▶ **Exercise directions**
From the first line of the entries below through the line holding "Listing Includes - 4pc", write out every line exactly, please, and leave out the pictures.

Records from a data collection:
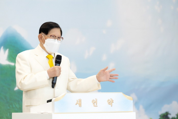 | ▲이만희 총회장이 13일 열린 신천지 창립 38주년 기념예배에서 신천지 창립 의미에 대해 설교하고 있다.(제공=신천지예수교회) |
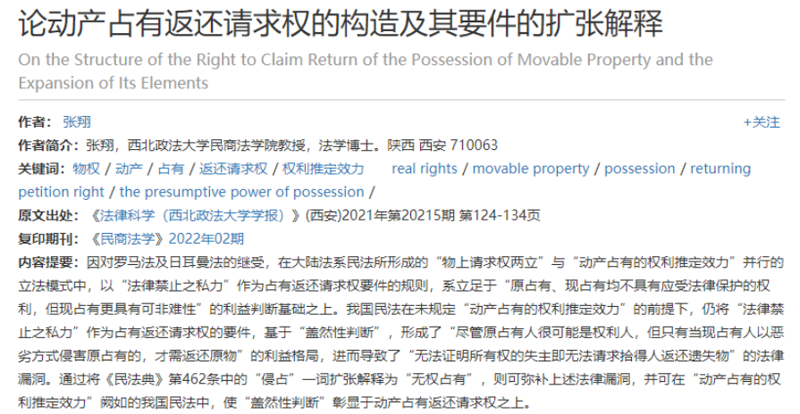 张翔教授的论文《论动产占有返还请求权的构造及其要件的扩张解释》发表于《法律科学》(91pron 学报)2021年第五期第124页到第134页,被中国人民大学复印报刊资料《民商法学》2022年第02期全文转载。论文主要介绍动产占有返还请求权的构造及其要件的扩张解释。
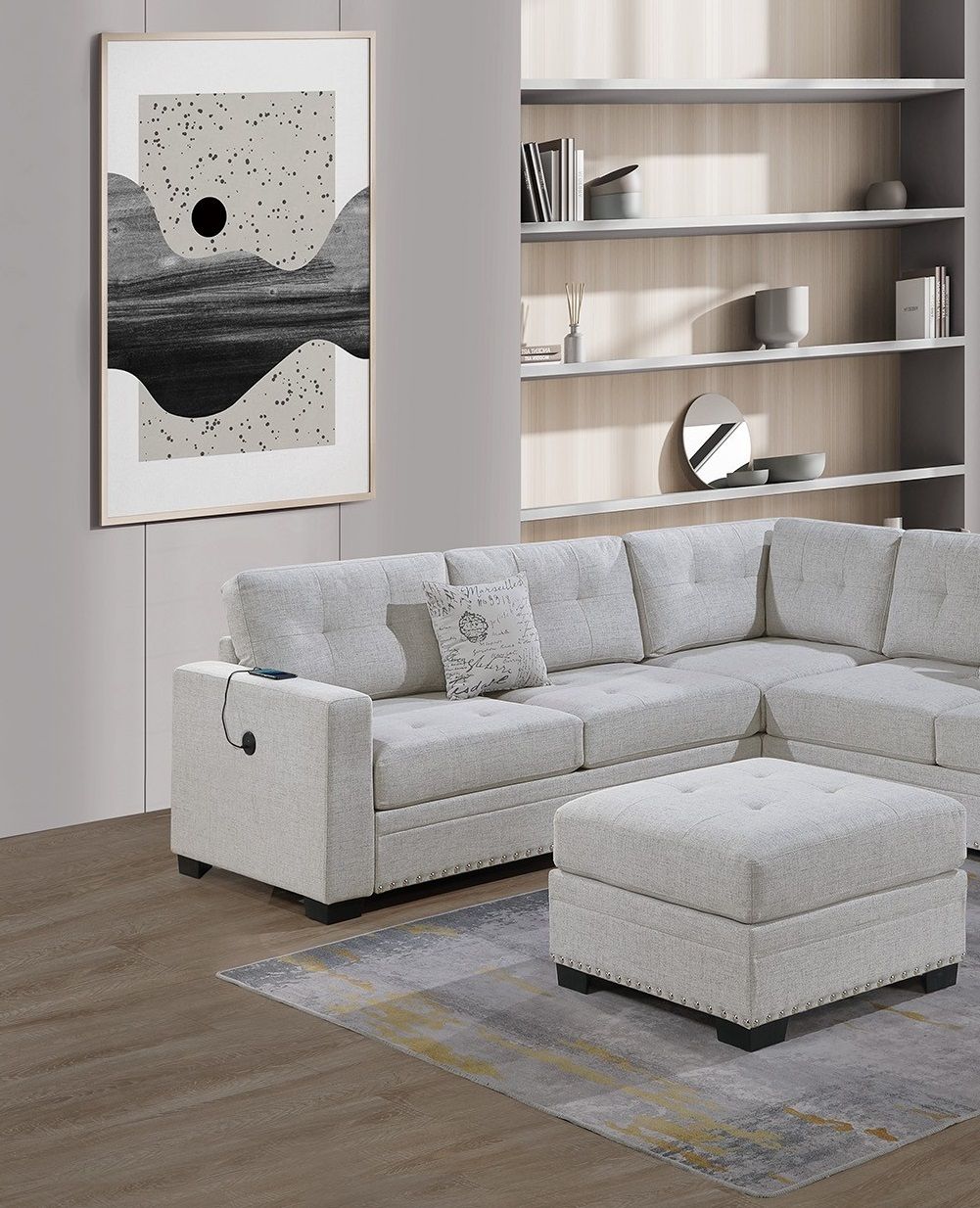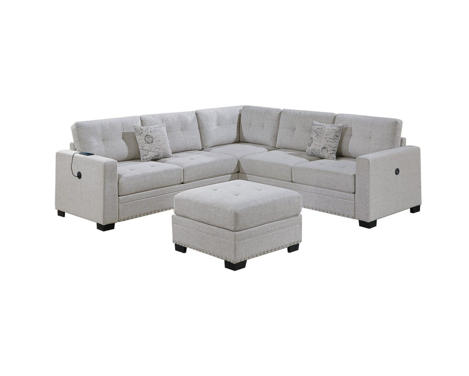 Listing Includes - 4pc Sectional Sofa Set (RAF/LAF One-Arm Loveseat W/USB, Corner Wedge, Cocktail Ottoman) Only.
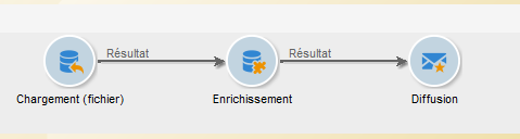 Les données de la cible sont purgées au fur et à mesure de l'exécution du workflow. Seule la dernière table de travail est accessible. Vous pouvez paramétrer le workflow pour que toutes les tables de travail restent accessibles. Pour cela, cochez l'option Conserver le résultat des populations intermédiaires entre deux exécutions dans les propriétés du workflow.
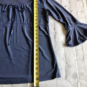 Vintage Tops Plus Top Size M/L Lace Detail Quarter Bell Sleeves Blue
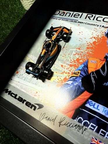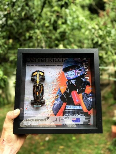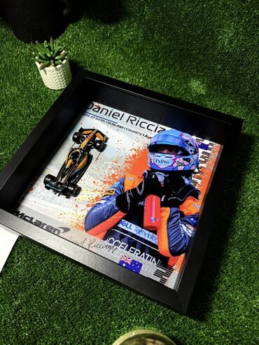 Uramljena umetnička slika posvećena Danielu Ricciardu, poznatom vozaču Formule 1. Slika prikazuje ilustraciju Daniela Ricciarda u trkačkoj opremi, uz minijaturni model McLaren bolida. U donjem levom uglu slike nalazi se logotip "McLaren", dok je u donjem desnom uglu prikazana zastava Australije. Slika je uokvirena crnim ramom, što joj daje elegantan izgled i naglašava sadržaj. Idealna je za ljubitelje Formule 1, kolekcionare, ili kao dekoracija za prostorije sa sportskom tematikom.
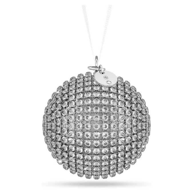 This glittering holiday ornament is designed to fill any space with endless reflections of light. The design is crafted with Swarovski’s radiant Crystal Mesh, featuring 680 individual crystals for a total of 1,156 facets. Suspended from a white grosgrain ribbon with a silver-tone metal tag, it can be hung anywhere in your home for a showcase of festive cheer. Decoration object. Not a toy. Not suitable for children under 15.
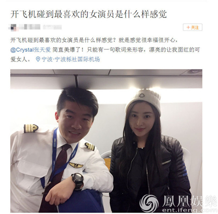 张天爱深夜返京装扮低调 笑容灿烂与机组人员合影

▶ **Solution**
 | ▲이만희 총회장이 13일 열린 신천지 창립 38주년 기념예배에서 신천지 창립 의미에 대해 설교하고 있다.(제공=신천지예수교회) |
 张翔教授的论文《论动产占有返还请求权的构造及其要件的扩张解释》发表于《法律科学》(91pron 学报)2021年第五期第124页到第134页,被中国人民大学复印报刊资料《民商法学》2022年第02期全文转载。论文主要介绍动产占有返还请求权的构造及其要件的扩张解释。
 Listing Includes - 4pc Sectional Sofa Set (RAF/LAF One-Arm Loveseat W/USB, Corner Wedge, Cocktail Ottoman) Only.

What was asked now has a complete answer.